Anayasa m.13, 20/2-3, 21, 22/2 ve İnsan hakları Avrupa Sözleşmesi m.8/2 gereğince, suçu önleyici ve suç işlendikten sonra delil toplama, şüpheli ve sanığı yakalama amaçlı olabilmektedir. Bu hükümler, istisnai olarak hukuk devletinde bazı somut zorunluluklarla ve ancak kanunla bireyin özel hayatına ve haberleşmesine sınırlama getirilebileceğini söylemektedir. Bunun dışında yapılan müdahaleler suç olacağı gibi, bunların amacına ve kanunda gösterilen yöntemlere uygun kullanılmaması da suçtur. Polis Vazife ve Salahiyet Kanunu ek m.7 önleyici ve Ceza Muhakemesi Kanunu m.135 ve 140 ise adli maksatlı teknik takibe (telefon dinleme ve konut hariç teknik araçlarla izleme yöntemlerine) izin vermiştir. Bu hükümlerde maksat, "polis devleti" zihniyeti ile sürekli insanları takip etmek, takip ediliyor korku ve baskısı altında tutmak değil, özellik taşıyan ağır nitelikli suçları önlemek ve bazı ağır suçların işlendiği şüphesi kuvvetli olup da başka türlü delil elde edilememekte ve faillerine ulaşılamamakta ise, delil toplamak ve faillerini tespit edip yakalamaktır.

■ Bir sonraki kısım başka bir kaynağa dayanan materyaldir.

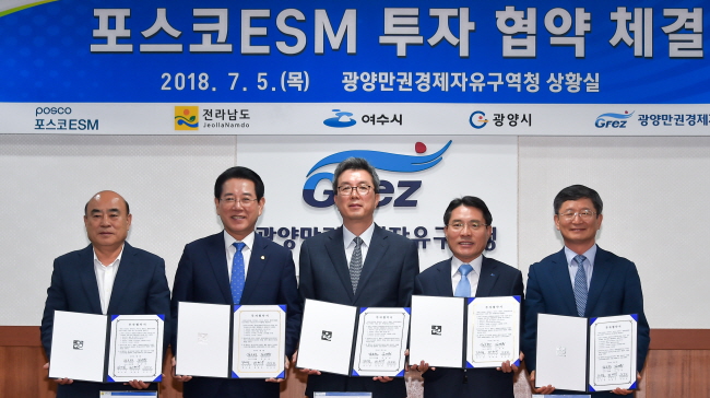 ¿©¼ö½Ã¿¡ µû¸£¸é 5ÀÏ ¿ÀÀü ±¤¾ç°æÁ¦ÀÚÀ¯±¸¿ªÃ»¿¡¼ ¿©¼ö½Ã¿Í Àü¶ó³²µµ, ±¤¾ç½Ã, ±¤¾ç¸¸±Ç°æÁ¦ÀÚÀ¯±¸¿ªÃ», ¢ßÆ÷½ºÄÚ ESMÀÌ À²ÃÌ»ê´Ü¿¡ 5700¾ï ¿øÀ» ÅõÀÚÇÏ´Â Çù¾àÀ» ü°áÇß´Ù.
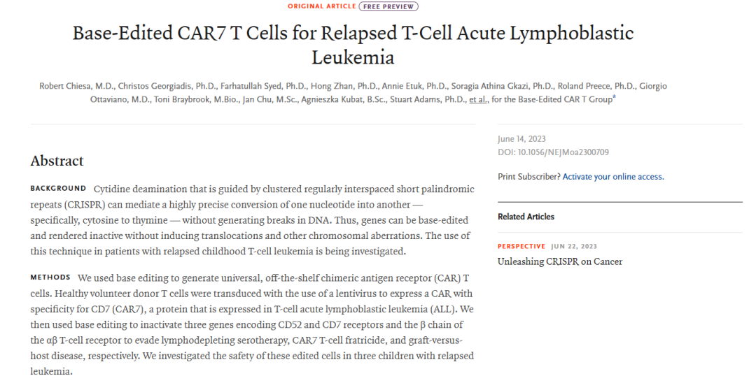 2023年8月3日/医麦客新闻 eMedClub News/--6月14日,来自伦敦大学学院大奥蒙德街儿童健康研究所的Waseem Qasim教授与Robert Chiesa博士和大奥蒙德街儿童医院(GOSH)的骨髓移植/ CAR-T团队合作在《The New England Journal of Medicine》期刊上发表重要研究成果——Base-Edited CAR7 T Cells for Relapsed T-Cell Acute Lymphoblastic Leukemia。这是一项采用碱基编辑(Base Editing,BE)技术开发的CD7 CAR-T细胞疗法,用来治疗复发/难治的儿童急性T细胞白血病(R/R T-ALL)的I期临床试验(ISRCTN15323014)。该研究是碱基编辑技术的首次人类应用,得到了 the Wellcome Trust 和英国国家健康研究所(NIHR)的支持。
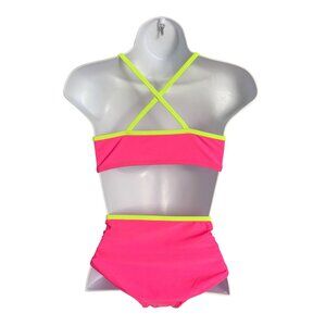 Cat & Jack Junior Girls Bikini Set Pink/Neon Green Two-Piece Swimwear Size XL

Baş döndürücü bir hızla gelişen bilim ve teknik, yalnızca insanlara hizmet etmekle kalmıyor, aynı zamanda ve hatta bazı durumlarda sağladığı yarardan fazla tuzaklar kurup otoriteye hizmet ederek, nimeti bir tür ağır külfete dönüştürebilmektedir. İşte iletişimin denetlenmesi yetki ve teknikleri, bu tespitimizin tipik bir örneğini oluşturur.
Kişiler arasında yapılan her konuşmayı suç unsuru olarak yorumlamamak ve somut delili olmayan görüşmelerden dolayı da kimseyi suçlu ilan etmemek gerekir. Örneğin, bir işadamı ile kamu görevlisinin yaptığı telefon konuşması tespit edilip, içeriği kayda alındığında, “niye konuştunuz”, “neyi konuşmak istediniz” veya “sabit hatta geçelim, şimdi boşver, o tamam mı, şimdi sırası değil sözlerindeki amacınız nedir” sorularını yöneltmek ve bireyleri düşünce açıklama hürriyetini biraraya gelerek değil de, telefon kullanması nedeniyle sorumlu tutmak ve şüpheli saymak isabetli değildir.
Bireyin hayat hakkına ve yaşam alanlarına saygı duyulmalıdır. Birey, dinlendiğini düşünmemeli ve ifade hürriyetini sadece biraraya gelerek değil, iletişim vasıtaları yoluyla da özgürce kullanabilmelidir. Demokrasi ile hak ve hürriyetler kavramlarının aynı anlama gelmediğini, sadece demokrasi ile kişi hak ve hürriyetleri üzerindeki sorunların çözülemeyeceğini kabul etmek gerekir. Kişi hak ve hürriyetlerini koruma ve kullandırma esasına dayalı sistemlerde, her hak ve hürriyetin gerçek anlamda ve özünün korunmasını ve bireyler tarafından kullanılabilmesini sağlayan kurallar ve uygulamalar iyileştirilmeli ve geliştirilmelidir.
Telefon ve ortam dinlemesi olağan bir yöntemmiş gibi topluma kabul ettirilmeye ve herkes dinlenirmiş gibi benimsetilmeye çalışılmaktadır. Bu anlayış ve kabul, hukukun evrensel ilke ve esaslarının yanında, Anayasanın 13, 20, 21, 22, 25 ve 26. maddelerine aykırılık taşımaktadır. “Ben dinleniyorum, ama rahatım, zaten herkes dinleniyor” demek, demokrasiyi, hukuk devletini hiçe saymak, “yarası olan gocunur” demek ise, hukuk devletini reddetmek, birey olamamak, köle ve obje olmak anlamına gelir.